4 cups diced butternut squash (from a small to medium butternut squash that has been peeled and seeded)
1 teaspoon salt
1/2 teaspoon black pepper
1 teaspoon ground cumin
2 teaspoons chili powder
1 (15-ounce) can black beans, rinsed and drained
8 yellow or white corn tortillas, cut into large squares (I cut each tortilla in thirds and then chopped the strips in half)
2 cups green enchilada sauce (preferably homemade)
2-3 cups cooked, cubed chicken
1/4 cup chopped cilantro
6 ounces (1 1/2 cups) shredded Monterey Jack cheese
In a large, 12-inch nonstick skillet, heat the oil over medium heat and add the onion, garlic and jalapeno, if using. Cook for 5-7 minutes, stirring occasionally, until the onions soften. Stir in the butternut squash, salt, pepper, cumin and chili powder.

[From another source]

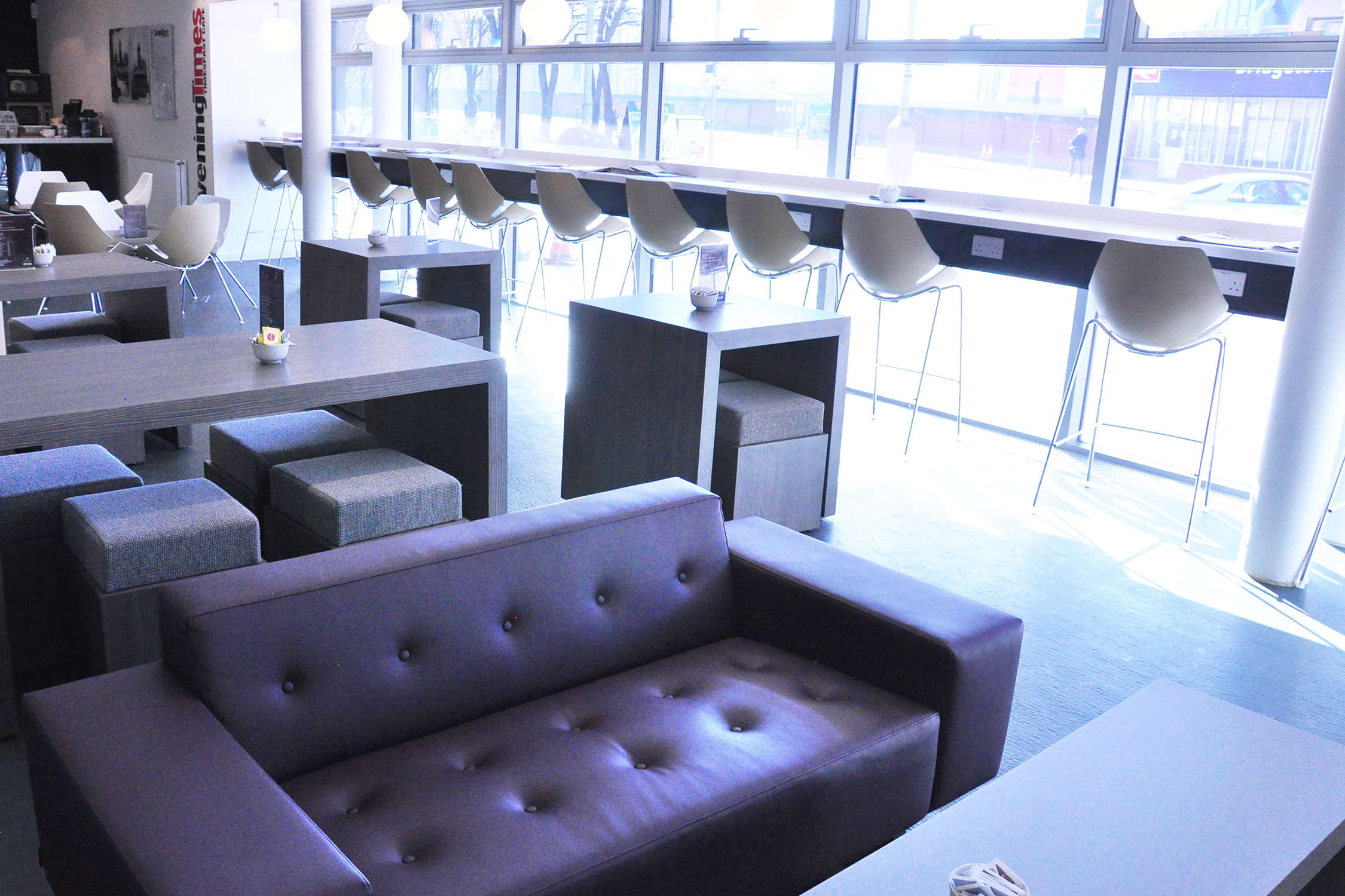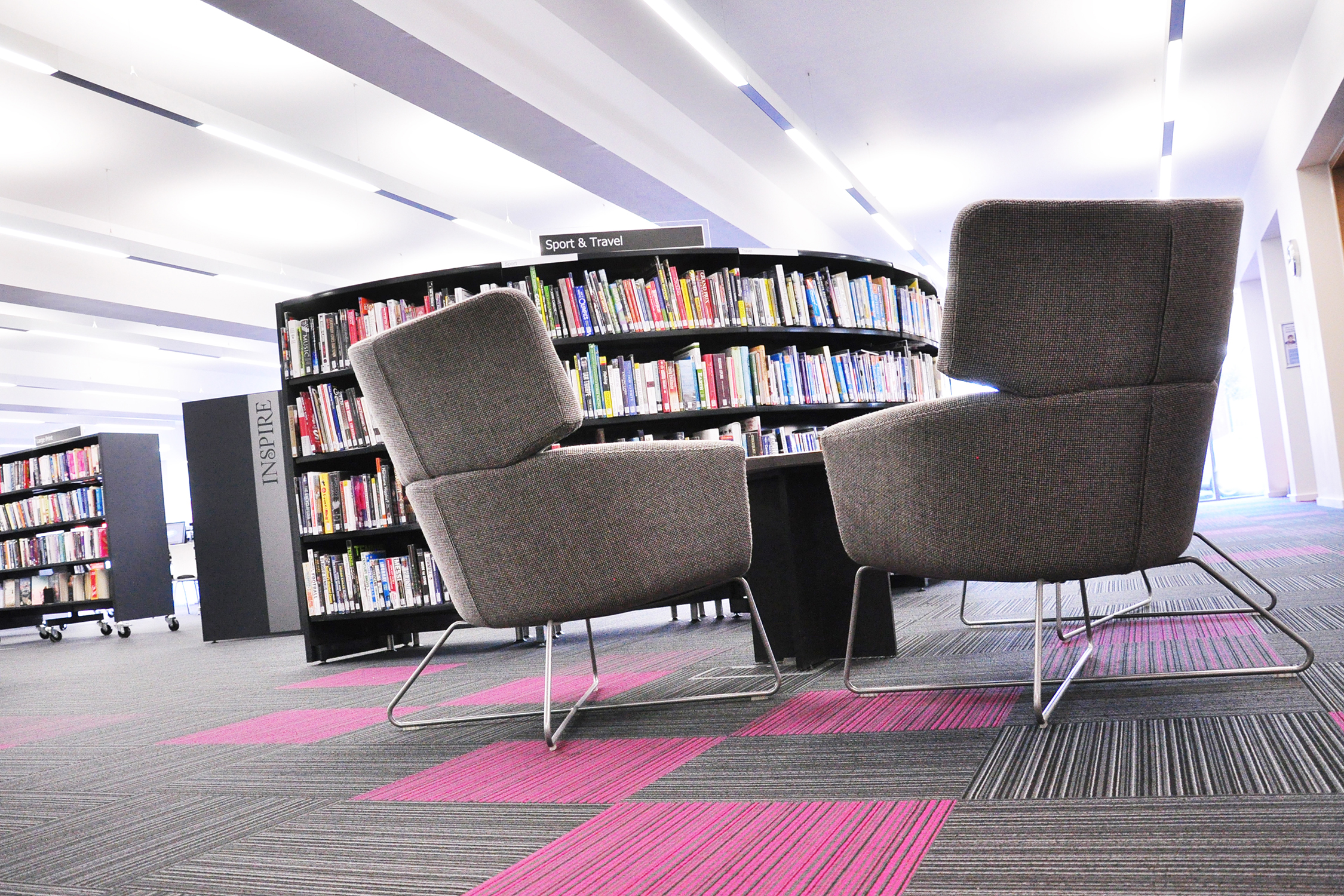 The key themes and zones of the library are enhanced by the use of graphics and signage with permission of children's laureate Julia Donaldson, her popular Gruffalo images was used as a wall graphic in the kids section, and this theme continues through to the bespoke mini furniture.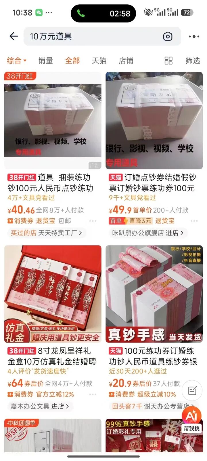 随后,姚越操在网购平台搜索“10万元道具”,出现了一批价值20-60元不等的人民币道具,他发现,有一家的道具实拍图上面也有封签和红章,“就连盖的工作人员的姓名章和行李箱里的也一模一样。”

Cook for about 10-12 minutes, stirring every few minutes, until the squash is tender. If you want a smoother consistency to the squash, continue cooking until it breaks down to a creamy consistency, otherwise you can cook it just until it becomes tender.
Stir in the beans, tortillas and enchilada sauce. Bring the mixture to a simmer and cook for a couple of minutes so the tortillas can soak up some of the sauce and start to cook down just a little bit.
Add the chicken, cilantro and 1 cup of the cheese. Stir to combine and heat through. Add additional salt and pepper to taste, if needed. Sprinkle the remaining cheese on top and let the mixture sit for 1-2 minutes over medium-low or medium heat until the cheese melts.